Task brief: In the data below, the answer is the run of lines from the line containing "Нова кофта. Із" through the line containing "一人暮らしにちょうどいい35", both included; print it exactly and nothing else.
━━━━━ Data for processing
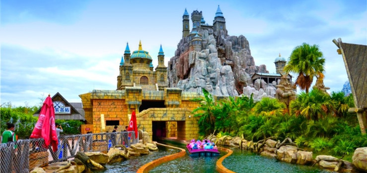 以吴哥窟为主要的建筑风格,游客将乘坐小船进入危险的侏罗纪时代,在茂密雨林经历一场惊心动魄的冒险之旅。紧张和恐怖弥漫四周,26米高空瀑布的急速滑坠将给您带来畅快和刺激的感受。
━━━━━━━━━━
━━━━━ Data for processing
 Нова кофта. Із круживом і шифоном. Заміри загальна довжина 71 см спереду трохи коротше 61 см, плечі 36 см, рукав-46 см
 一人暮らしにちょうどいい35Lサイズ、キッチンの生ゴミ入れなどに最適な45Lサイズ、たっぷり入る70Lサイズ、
━━━━━━━━━━
The completed task:
 Нова кофта. Із круживом і шифоном. Заміри загальна довжина 71 см спереду трохи коротше 61 см, плечі 36 см, рукав-46 см
 一人暮らしにちょうどいい35Lサイズ、キッチンの生ゴミ入れなどに最適な45Lサイズ、たっぷり入る70Lサイズ、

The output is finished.